Return only the lines of the data below from the line with "Grande jarro de" up to and including the line with "True Religion Caia", exactly as written, with the pictures omitted.

(The input begins)

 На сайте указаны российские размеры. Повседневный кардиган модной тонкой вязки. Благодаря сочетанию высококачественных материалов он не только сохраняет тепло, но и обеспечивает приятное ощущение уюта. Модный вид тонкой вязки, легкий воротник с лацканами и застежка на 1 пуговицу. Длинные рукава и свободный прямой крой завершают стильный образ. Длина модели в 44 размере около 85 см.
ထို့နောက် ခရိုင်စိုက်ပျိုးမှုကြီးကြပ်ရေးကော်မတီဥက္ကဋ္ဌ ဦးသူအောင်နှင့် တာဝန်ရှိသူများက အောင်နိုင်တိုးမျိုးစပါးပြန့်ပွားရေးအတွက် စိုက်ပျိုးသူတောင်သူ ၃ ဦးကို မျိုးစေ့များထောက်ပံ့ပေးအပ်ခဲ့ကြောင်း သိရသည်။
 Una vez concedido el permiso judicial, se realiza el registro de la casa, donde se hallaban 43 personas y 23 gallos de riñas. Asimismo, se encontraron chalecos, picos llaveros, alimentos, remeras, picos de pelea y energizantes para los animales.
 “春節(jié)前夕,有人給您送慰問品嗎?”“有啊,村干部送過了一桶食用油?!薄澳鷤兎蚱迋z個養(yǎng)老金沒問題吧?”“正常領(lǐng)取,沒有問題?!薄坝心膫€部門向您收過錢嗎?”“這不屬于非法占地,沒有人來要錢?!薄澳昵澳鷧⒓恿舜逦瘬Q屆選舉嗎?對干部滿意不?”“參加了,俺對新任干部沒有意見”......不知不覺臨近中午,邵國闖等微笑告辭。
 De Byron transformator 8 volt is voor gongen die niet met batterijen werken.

(The input ends)
(The input begins)

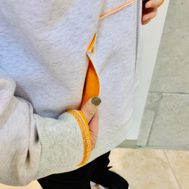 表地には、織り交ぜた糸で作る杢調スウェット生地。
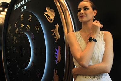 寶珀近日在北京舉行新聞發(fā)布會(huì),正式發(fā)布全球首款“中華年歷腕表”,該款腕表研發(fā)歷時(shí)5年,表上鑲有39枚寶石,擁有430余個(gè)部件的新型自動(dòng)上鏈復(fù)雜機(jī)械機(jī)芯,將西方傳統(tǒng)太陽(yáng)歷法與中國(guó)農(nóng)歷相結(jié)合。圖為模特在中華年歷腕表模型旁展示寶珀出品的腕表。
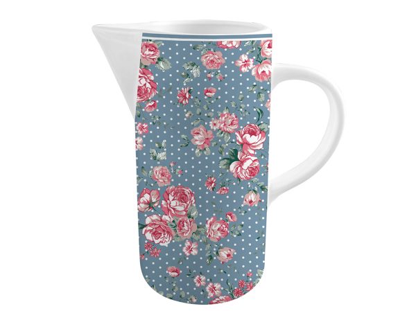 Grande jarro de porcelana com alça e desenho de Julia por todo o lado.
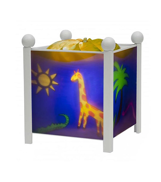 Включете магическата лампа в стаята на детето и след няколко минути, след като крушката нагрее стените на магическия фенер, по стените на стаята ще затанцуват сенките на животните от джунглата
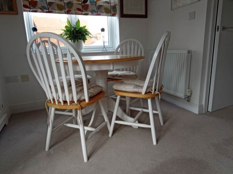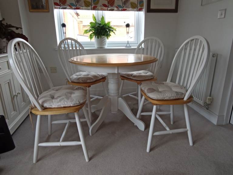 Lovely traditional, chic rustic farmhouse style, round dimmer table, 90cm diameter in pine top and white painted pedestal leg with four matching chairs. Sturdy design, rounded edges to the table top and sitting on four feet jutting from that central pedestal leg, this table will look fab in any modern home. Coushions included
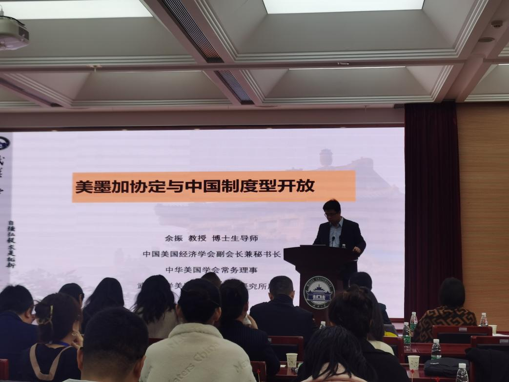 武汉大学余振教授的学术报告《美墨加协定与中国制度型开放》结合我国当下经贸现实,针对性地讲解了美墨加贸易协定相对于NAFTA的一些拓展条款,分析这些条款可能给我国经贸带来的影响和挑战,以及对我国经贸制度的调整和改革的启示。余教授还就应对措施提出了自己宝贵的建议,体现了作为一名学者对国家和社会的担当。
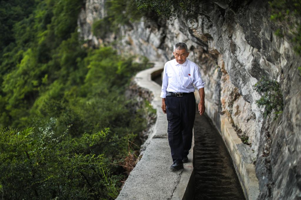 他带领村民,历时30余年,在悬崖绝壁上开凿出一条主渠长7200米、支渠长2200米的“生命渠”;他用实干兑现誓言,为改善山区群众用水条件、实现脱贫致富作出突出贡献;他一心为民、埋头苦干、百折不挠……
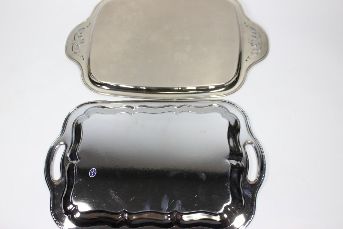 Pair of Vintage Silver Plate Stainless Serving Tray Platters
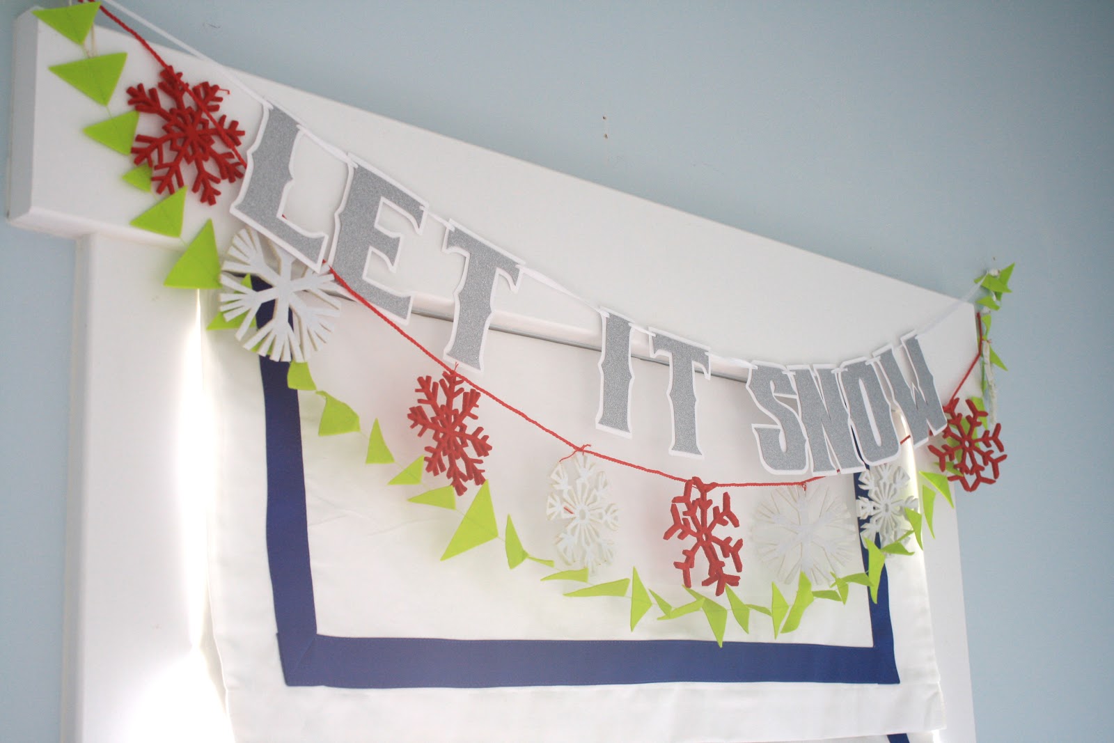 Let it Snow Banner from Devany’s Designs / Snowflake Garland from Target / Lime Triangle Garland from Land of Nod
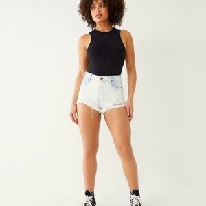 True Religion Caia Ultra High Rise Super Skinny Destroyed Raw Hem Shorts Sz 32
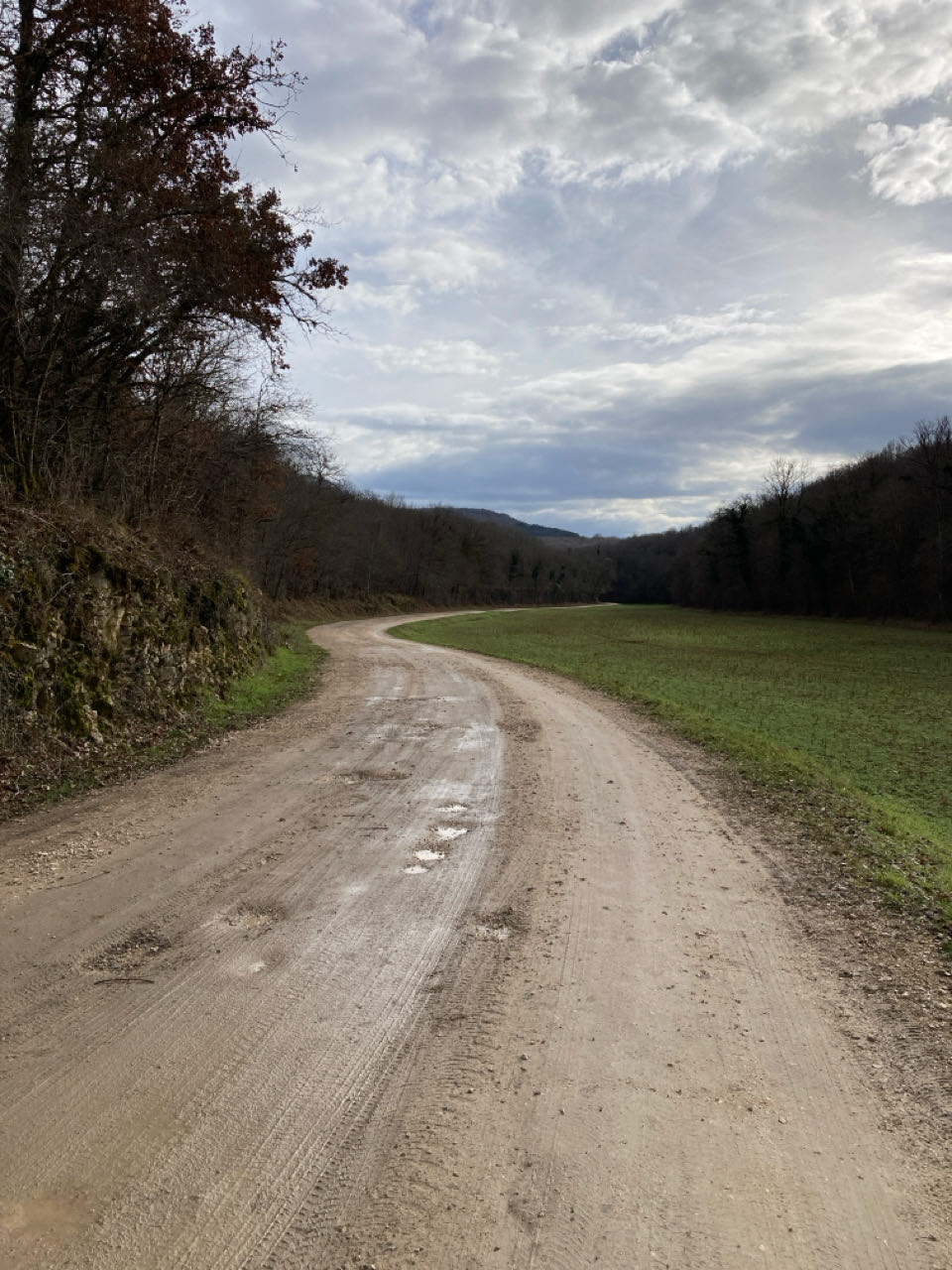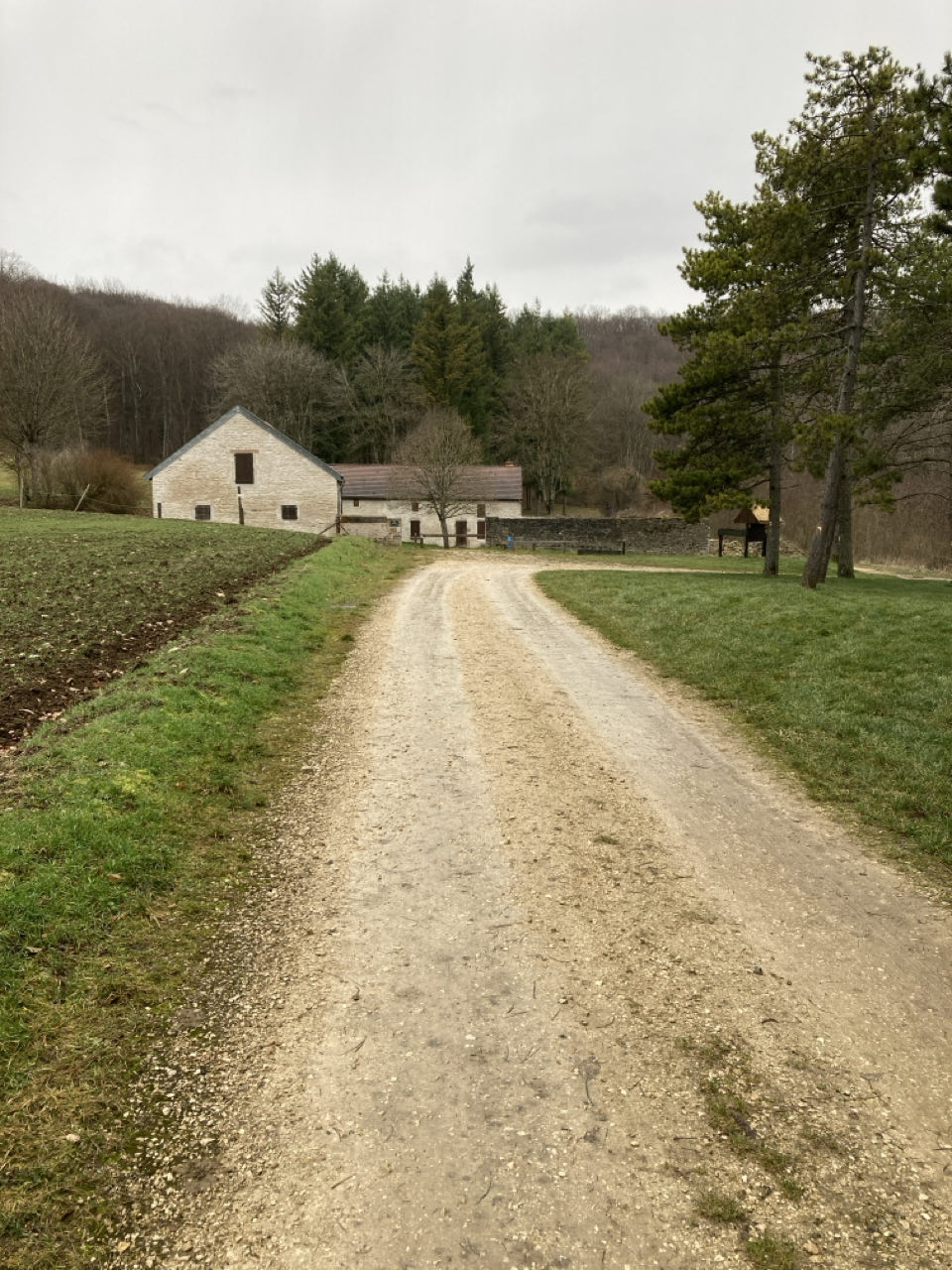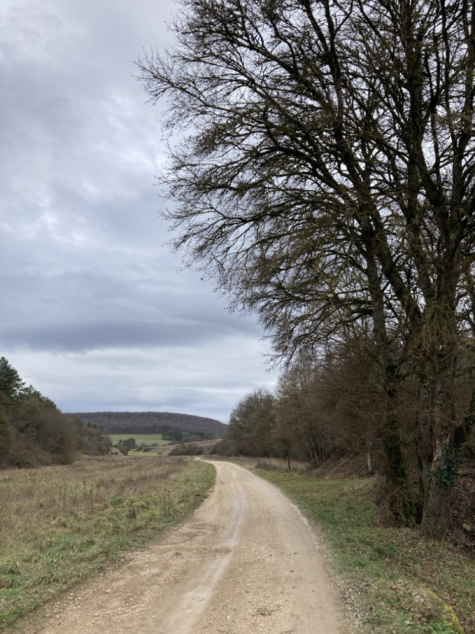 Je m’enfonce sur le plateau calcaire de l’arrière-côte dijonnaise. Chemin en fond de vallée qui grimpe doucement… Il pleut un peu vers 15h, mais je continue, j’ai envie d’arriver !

(The input ends)

**Reply to the task:**
 Grande jarro de porcelana com alça e desenho de Julia por todo o lado.
 Включете магическата лампа в стаята на детето и след няколко минути, след като крушката нагрее стените на магическия фенер, по стените на стаята ще затанцуват сенките на животните от джунглата
 Lovely traditional, chic rustic farmhouse style, round dimmer table, 90cm diameter in pine top and white painted pedestal leg with four matching chairs. Sturdy design, rounded edges to the table top and sitting on four feet jutting from that central pedestal leg, this table will look fab in any modern home. Coushions included
 武汉大学余振教授的学术报告《美墨加协定与中国制度型开放》结合我国当下经贸现实,针对性地讲解了美墨加贸易协定相对于NAFTA的一些拓展条款,分析这些条款可能给我国经贸带来的影响和挑战,以及对我国经贸制度的调整和改革的启示。余教授还就应对措施提出了自己宝贵的建议,体现了作为一名学者对国家和社会的担当。
 他带领村民,历时30余年,在悬崖绝壁上开凿出一条主渠长7200米、支渠长2200米的“生命渠”;他用实干兑现誓言,为改善山区群众用水条件、实现脱贫致富作出突出贡献;他一心为民、埋头苦干、百折不挠……
 Pair of Vintage Silver Plate Stainless Serving Tray Platters
 Let it Snow Banner from Devany’s Designs / Snowflake Garland from Target / Lime Triangle Garland from Land of Nod
 True Religion Caia Ultra High Rise Super Skinny Destroyed Raw Hem Shorts Sz 32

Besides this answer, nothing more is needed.